Noah Gragson and Front Row Motorsports are a good fit at the right time

Both the team and driver needed what the other provides


Those were the determining factors that led to Noah Gragson joining Front Row Motorsports on a multiyear agreement starting next season.


Those were the determining factors that led to Front Row Motorsports inking Noah Gragson to a multiyear agreement starting next season.

In short, this was the perfect time for both to join forces with each other, especially given that both are roughly 25 years into a journey with a common goal — to contend for the NASCAR Cup Series championship.

If that sounds crazy, you haven’t been paying attention, because Gragson has increasingly become the adult everyone around him felt he could be while the NextGen era has benefitted no other organization greater than Front Row.

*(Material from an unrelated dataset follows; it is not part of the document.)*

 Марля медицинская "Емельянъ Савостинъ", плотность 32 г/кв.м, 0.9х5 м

Gragson has been a changed man since his suspension roughly a year ago next month. He is way more thoughtful, cerebral and considerate all without losing many of his genuine charms. He is a driver that crews love to work with because they work hard, with their driver in the trenches with them, but they still play hard too.

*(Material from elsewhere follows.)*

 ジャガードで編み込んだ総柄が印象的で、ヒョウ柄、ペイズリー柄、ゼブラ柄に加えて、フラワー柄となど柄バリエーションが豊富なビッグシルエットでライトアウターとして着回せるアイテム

No doubt, Gragson has said many of these things before, about wanting a long-term home, but he has never been more poised to foster it than he is now.

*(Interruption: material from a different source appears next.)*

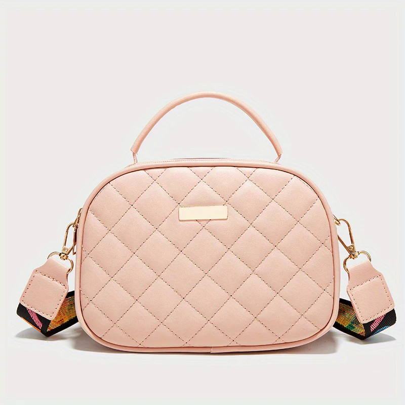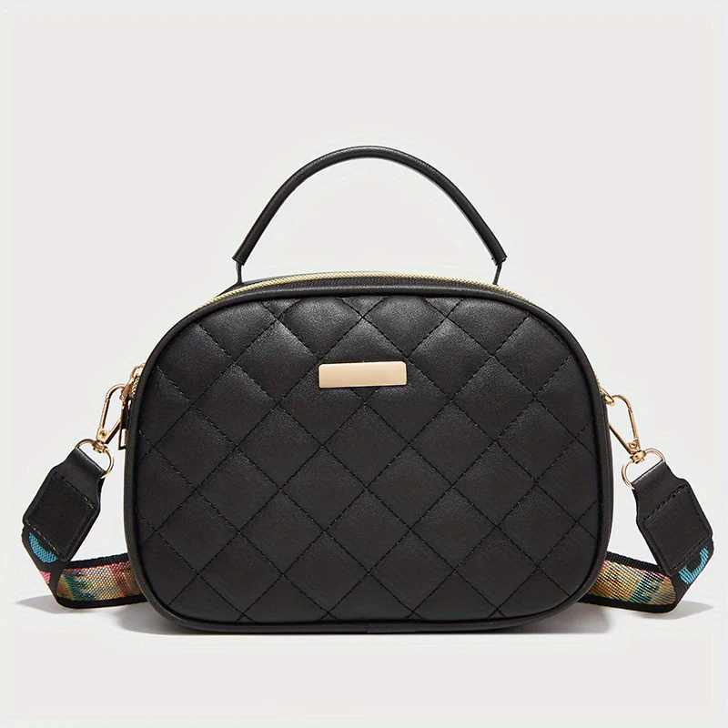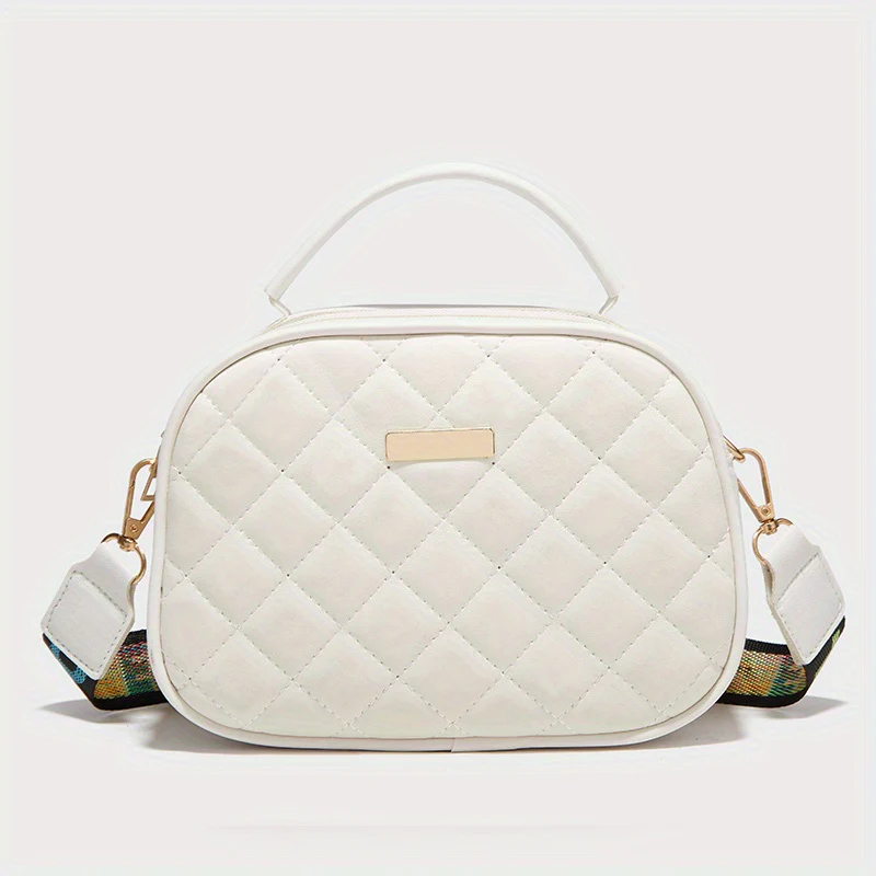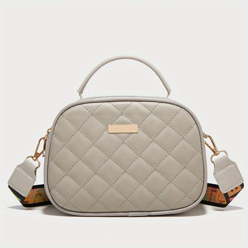 deanwangkt-1 Mini Women's Argyle Embossed Shoulder Bag, Chain Strap Buckle Decor Crossbody Bag, Flap Handbag For Work

“I think I can bring a positive energy over there, to their group of guys and create a positive atmosphere,” Gragson said during an introductory press event on Wednesday. “Creating the culture is important to me and getting to know their people.”

For Front Row, to be objectively clear, they found a driver that has funding and relationships but also a fan base that will allow them to create their own independent marketing programs off the pairing.

Team owner Bob Jenkins, making a rare appearance away from his non-racing businesses, says Gragson impressed him when they finally met to discuss their mutual interest.

“What I learned is how much respect he has for the sport,” Jenkins said. “He really understands it’s a fan-driven sport. He just relates so well with fans. He’s only been in this series a couple of years but he’s already become one of the most popular drivers. We really think that translates with our marketing partners to what we can do and achieve, so we’re just super excited about what the future holds for Noah and so glad he’s going to be with us for several years.”

Front Row used to be an ironic name because Jenkins’ cars used to be found in the back of the field. They were start-and-parks with a primary car that generally raced for top-30s on the best days. Then came May 5, 2013 when the company won its first race, with a David Ragan and David Gilliland 1-2 finish, and it changed their direction forever.

Winning is addictive, says 15-year general manager Jerry Freeze.

“We had no business winning that race,” Freeze said. “David and David deserve all the credit for how they worked together but our cars were nothing like the cars we beat that day.

“And I think, from that day forward, we started to believe ‘okay, it’s possible for us to be competitive’ and we started to evaluate what steps that would take.

Over the past decade, it has forged relationships with Roush Fenway Racing and Richard Petty Motorsports. Now, with the single source supplied NextGen car, it forged a partnership with Team Penske and earned a Tier 1 Ford Performance agreement.

Now it just comes down to the people. 

Losing Michael McDowell, who won the 2021 Daytona 500 and 2023 Brickyard Road Race, alongside crew chief Travis Peterson to Spire is a significant blow. At the same time, Todd Gilliland and Ryan Bergentry have emerged as a playoff caliber pairing.

Gragson is still holding out for the potential of bringing in many of his current crew members from the Stewart-Haas Racing No. 10 team including crew chief Drew Blickensderfer, who won that 2021 Daytona 500 with McDowell.

“We already have those relationships developed,” Gragson said of Blickensderfer and their team. “We’ve spent all year developing that communication after not knowing them until January 1. So, I certainly hope we can get those guys but time will tell.”

Regardless of who crews the cars, and remember that Front Row still has a third car to find a driver and crew for, the expectation now is that they win and make the playoffs. Gragson says those are the marching orders.

“The boss made it pretty clear that he wants cars in the playoffs and to be competitive every week,” Gragson said. “And when you look at what Michael and Todd are doing, combined with their growth the past couple of years, those are realistic standards now.

“Bob is completely committed and with their resources, we can win.”